Chunking the transcript solved one axis. The other was the questions. Pile twenty, thirty properties into a single function schema and two bad things happen: the schema blows your budget, and the model gets sloppy, answering the first few questions well and phoning in the rest.

So we batched the queries too. Roughly: at most six free-text string questions per call, up to twenty for the cheaper constrained types (booleans, enums, numbers). A 90-minute call with a rich tag setup therefore fanned out into N transcript chunks × M question batches separate OpenAI calls, all merged back together at the end. One "analyse this call" click could quietly become a dozen requests.

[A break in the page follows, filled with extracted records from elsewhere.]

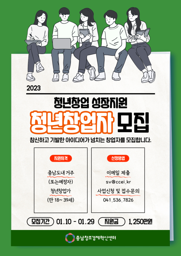 충남창조경제혁신센터, ‘청년창업 성장지원사업’ 참가자 모집
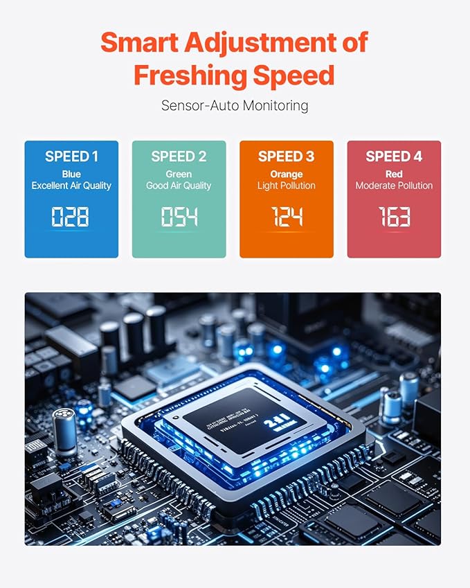 - Auto Mode-Smart Purification Speed Adjustment: The air purifier’s sensors monitor air quality in real-time and automatically adjust purification speed. The smart transition from green (speed 1) to red (speed 4) is clear and intuitive, allowing you to enjoy clean air without worrying about settings.
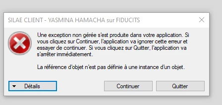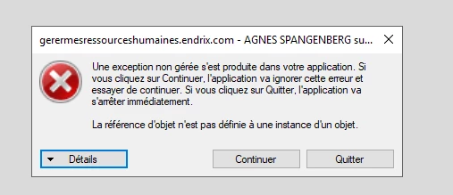 Le message suivant apparaît : “Une exception non gérée s’est produite dans votre application”.
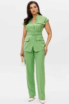 Элегантный костюм-тройка, состоящий из жакета, футболки и брюк. Жакет и брюки выполнены из костюмной ткани, футболка — из трикотажного полотна. Жакет прямого силуэта, с застежкой на две петли и две пуговицы. Перед жакета с нагрудной вытачкой, с прорезными карманами в рамку с клапаном. Спинка жакета со средним швом, заканчивающийся шлицей, левая часть спинки с прорезным карманом в рамку, вход в который фиксирует навесная петля с пуговицей. Рукава двухшовные втачные. Горловина оформлена воротником пиджачного типа. Белая футболка прямого силуэта со спущенной линией плеча и втачным рукавом. Горловина обработана трикотажной бейкой из основной ткани. Брюки классической формы, прямого силуэта, со стрелками по передним и задним половинкам. Верхний срез обработан обтачным поясом. На задних половинках расположены талиевые вытачки, с декоративными листочками. В боковых швах брюк - наклонные карманы. Застёжка центральная на тесьму молнию и крючок.
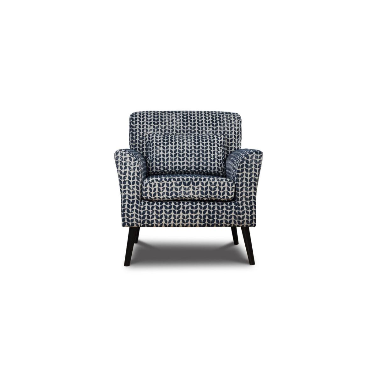 I love this chair because of its versatile pattern and rich blue colour, which can add a welcoming touch to various interiors. It works particularly well in cosy living rooms, reading nooks, or even as a statement piece in a modern bedroom. For styling, try pairing it with neutral or muted tones to let the blue and pattern stand out, or combine it with textured accessories like cushions or throws in complementary colours. Practical tips include placing it near good lighting for reading or in a corner to create a comfortable, stylish retreat. Its compact size makes it ideal for smaller spaces, adding personality and function without overwhelming the room.
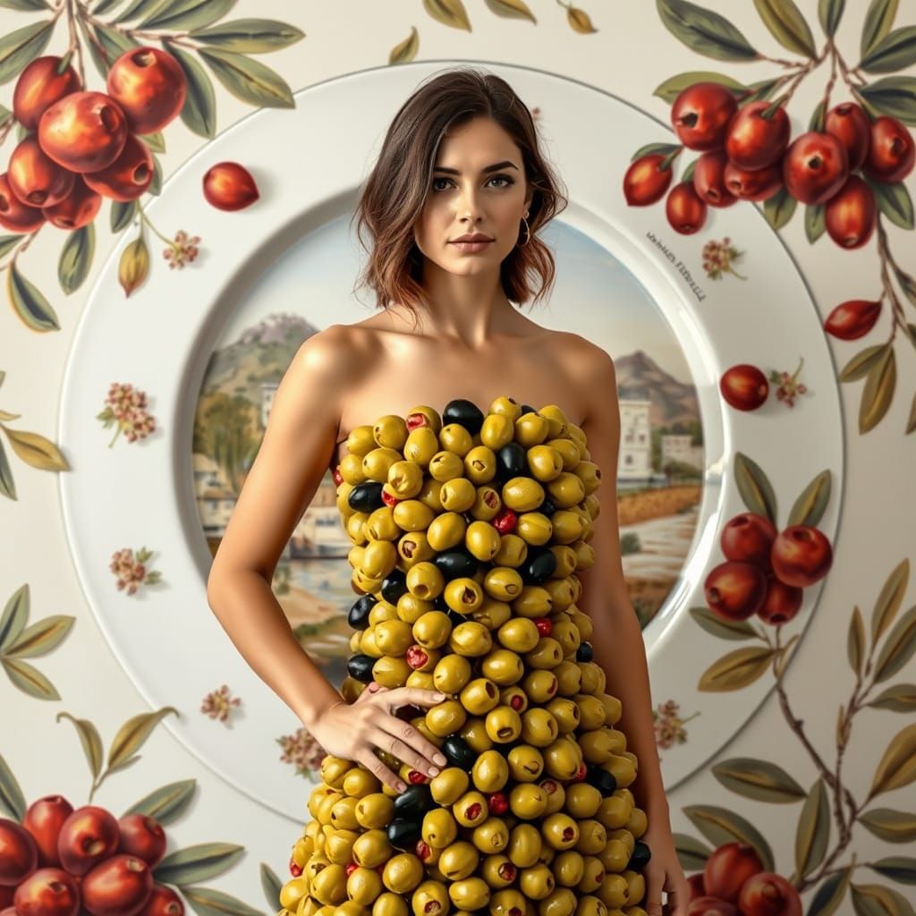 This image shows a woman wearing a dress made from a mosaic of small, realistic olives against a vibrant Mediterranean-inspired backdrop, reminiscent of traditional ceramics.

Which, of course, is when we met the rate limiter. We ended up reading the x-ratelimit-* response headers back into the database so we could pace ourselves instead of getting slapped. Every file in that repo is a lesson taken to the face.

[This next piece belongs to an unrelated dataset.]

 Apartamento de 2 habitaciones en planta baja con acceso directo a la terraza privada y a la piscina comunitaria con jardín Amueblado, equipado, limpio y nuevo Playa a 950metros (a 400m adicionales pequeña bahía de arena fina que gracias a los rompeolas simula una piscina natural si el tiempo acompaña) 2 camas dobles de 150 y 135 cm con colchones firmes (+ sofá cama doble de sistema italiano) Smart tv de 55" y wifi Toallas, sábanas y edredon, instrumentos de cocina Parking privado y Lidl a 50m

One more sin: the transcripts themselves

Small confession. Aircall, our phone provider, didn't expose call transcriptions through its public API back then. So we logged into their internal GraphQL endpoint with an email and password and pulled the transcripts straight out. The code knew exactly what it was:

SaaS.interfaces.tsts

aircall: {
  // will probably be removed when aircall
  // prevents us from getting transcription
  email: string
  password: string
}

Ship now, cry later. It's the most honest comment in the codebase.

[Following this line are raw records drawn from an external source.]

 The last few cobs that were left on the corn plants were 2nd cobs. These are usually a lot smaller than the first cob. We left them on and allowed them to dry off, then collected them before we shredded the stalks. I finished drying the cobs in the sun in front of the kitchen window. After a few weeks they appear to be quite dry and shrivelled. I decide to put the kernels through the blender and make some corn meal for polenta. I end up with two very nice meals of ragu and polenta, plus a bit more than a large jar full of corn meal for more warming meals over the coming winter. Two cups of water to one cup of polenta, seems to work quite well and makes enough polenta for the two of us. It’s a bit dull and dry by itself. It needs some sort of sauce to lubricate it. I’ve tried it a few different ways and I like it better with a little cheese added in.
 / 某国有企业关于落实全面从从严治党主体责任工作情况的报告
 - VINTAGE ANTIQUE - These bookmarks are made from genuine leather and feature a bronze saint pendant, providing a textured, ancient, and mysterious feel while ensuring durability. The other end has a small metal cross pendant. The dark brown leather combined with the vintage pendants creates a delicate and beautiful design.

The code did not age, it scarred

Fast-forward and the model registry tells the whole arc on its own:

modelsOpenAI.tsts

[
  { name: 'GPT-3.5',     openAIName: 'gpt-3.5-turbo-1106', limitTokens: 16385  },
  { name: 'GPT-4',       openAIName: 'gpt-4-0613',         limitTokens: 8192   },
  { name: 'GPT-4o mini', openAIName: 'gpt-4o-mini',        limitTokens: 128000 },
]

That last line is the punchline. By August 2024 we had a 128k window for a fraction of the old price, and a 90-minute call dropped into it whole, no slicing required. The clever token counter, the greedy chunker, the query batcher: all suddenly optional.

But here's what I keep telling people. The discipline that scarcity forced on us never went away. Counting tokens before you send them, splitting work so the model stays sharp, treating each call as something that costs money and can fail, pacing yourself against a rate limit: that's not 2023 nostalgia, that's just how you keep an LLM product cheap and reliable at scale. Bigger windows didn't delete the lessons. They just stopped being the price of entry.

Revelio was born in 16k tokens. It grew up to fit in 128k. And the bones it built while the room was small are the reason it still stands.